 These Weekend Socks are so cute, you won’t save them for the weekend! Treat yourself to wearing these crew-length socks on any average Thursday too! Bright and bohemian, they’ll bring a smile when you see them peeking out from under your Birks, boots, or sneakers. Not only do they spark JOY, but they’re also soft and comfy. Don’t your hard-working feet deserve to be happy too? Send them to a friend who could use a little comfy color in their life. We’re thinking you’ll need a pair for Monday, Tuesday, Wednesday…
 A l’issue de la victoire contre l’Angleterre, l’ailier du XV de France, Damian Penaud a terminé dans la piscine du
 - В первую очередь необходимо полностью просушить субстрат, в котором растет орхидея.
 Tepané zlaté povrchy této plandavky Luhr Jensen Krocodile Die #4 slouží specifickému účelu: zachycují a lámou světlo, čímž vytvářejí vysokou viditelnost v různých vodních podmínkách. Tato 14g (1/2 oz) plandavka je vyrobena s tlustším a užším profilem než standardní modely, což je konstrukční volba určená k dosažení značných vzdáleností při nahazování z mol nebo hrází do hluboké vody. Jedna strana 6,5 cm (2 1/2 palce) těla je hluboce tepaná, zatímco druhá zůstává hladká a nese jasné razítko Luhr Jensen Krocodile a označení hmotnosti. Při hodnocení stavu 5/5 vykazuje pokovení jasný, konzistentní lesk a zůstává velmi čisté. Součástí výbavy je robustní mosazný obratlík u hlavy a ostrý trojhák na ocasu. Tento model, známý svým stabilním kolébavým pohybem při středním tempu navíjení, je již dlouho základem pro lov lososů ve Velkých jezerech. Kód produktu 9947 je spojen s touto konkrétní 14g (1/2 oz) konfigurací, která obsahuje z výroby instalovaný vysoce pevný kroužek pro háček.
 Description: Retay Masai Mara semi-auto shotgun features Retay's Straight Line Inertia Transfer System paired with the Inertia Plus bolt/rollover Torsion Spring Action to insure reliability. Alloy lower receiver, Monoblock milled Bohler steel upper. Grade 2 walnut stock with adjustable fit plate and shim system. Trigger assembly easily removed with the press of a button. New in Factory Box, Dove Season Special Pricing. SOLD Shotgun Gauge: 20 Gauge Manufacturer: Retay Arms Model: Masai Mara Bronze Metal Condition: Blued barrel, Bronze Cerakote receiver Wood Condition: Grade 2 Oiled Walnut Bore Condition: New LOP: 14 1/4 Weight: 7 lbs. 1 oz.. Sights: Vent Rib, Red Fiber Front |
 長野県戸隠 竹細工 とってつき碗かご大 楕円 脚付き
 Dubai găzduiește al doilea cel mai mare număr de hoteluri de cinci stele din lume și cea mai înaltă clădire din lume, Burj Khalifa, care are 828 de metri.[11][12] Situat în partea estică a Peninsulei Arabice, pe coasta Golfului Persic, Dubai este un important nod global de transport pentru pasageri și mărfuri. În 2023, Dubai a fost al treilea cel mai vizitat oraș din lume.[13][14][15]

□ □ □

> _WHAT YOU SHOULD DO_:
Nothing but an exact copy of the lines from the start of the entries through the line containing "- В первую очередь" belongs in the response.

> _PROBLEM SOLUTION_:
 These Weekend Socks are so cute, you won’t save them for the weekend! Treat yourself to wearing these crew-length socks on any average Thursday too! Bright and bohemian, they’ll bring a smile when you see them peeking out from under your Birks, boots, or sneakers. Not only do they spark JOY, but they’re also soft and comfy. Don’t your hard-working feet deserve to be happy too? Send them to a friend who could use a little comfy color in their life. We’re thinking you’ll need a pair for Monday, Tuesday, Wednesday…
 A l’issue de la victoire contre l’Angleterre, l’ailier du XV de France, Damian Penaud a terminé dans la piscine du
 - В первую очередь необходимо полностью просушить субстрат, в котором растет орхидея.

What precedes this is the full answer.